Cette nouveauté Tinder risque de surprendre dès l’inscription
Fini les faux profils ?
Alors que deux applications de rencontre étaient bannies de l’App Store il y a quelques jours, pour des raisons de sécurité, le leader incontesté en la matière Tinder prend un tout autre chemin. Dès cette semaine, un changement concret s’applique à l’ouverture de l’application.
Un selfie vidéo imposé dès la création du compte
Le dispositif s’appelle Face Check. Il oblige à enregistrer une courte vidéo de votre visage sous plusieurs angles afin de vérifier que les photos de votre profil vous appartiennent bien. Une fois le scan validé, la vidéo est supprimée selon Tinder.

© 9to5Mac x Match Group
L’application garde ensuite une version chiffrée de votre visage pour vérifier vos futures photos et repérer les faux comptes. Elle ne passe pas par Face ID, tout se fait avec les images capturées depuis Tinder.

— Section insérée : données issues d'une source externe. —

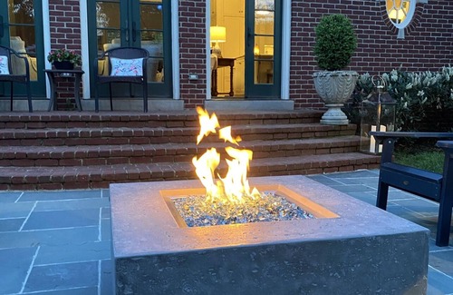 English Country Backyard with Brick Wall, Bluestone patio and gas fire pit

Le nouveau système de vérification est pour le moment réservé aux États-Unis, mais il est fort probable qu’il arrive en France dans les prochains mois. Le contraste avec les retraits récents d’apps concurrentes est évident. Là où certains services ont ignoré les alertes, Tinder renforce ses contrôles pour prévenir les dérives.
Un coup de pression contre les faux profils
Face à la multiplication des arnaques, Tinder veut bloquer les bots, les usurpations et les comptes multiples. Yoel Roth, responsable de la sécurité chez Match Group (maison mère de Tinder), affirme que cette mesure est l’une des plus efficaces qu’il ait vues en quinze ans de carrière.
Jusqu’ici, la vérification par selfie vidéo était proposée dans six pays, dont le Canada, l’Australie, l’Inde, la Colombie et plusieurs pays d’Asie du Sud-Est. Elle devient désormais obligatoire pour tous les nouveaux inscrits aux États-Unis. Une première pour Tinder, qui amorce ainsi un changement de stratégie à plus grande échelle.
Tinder durcit l’entrée pour limiter les dérives, tout en promettant une gestion encadrée des données. Ce virage s’inscrit dans une tendance plus large où la généralisation des vérifications d’identité semble se renforcer sur internet. Il ne serait pas étonnant que cela arrive rapidement en Europe.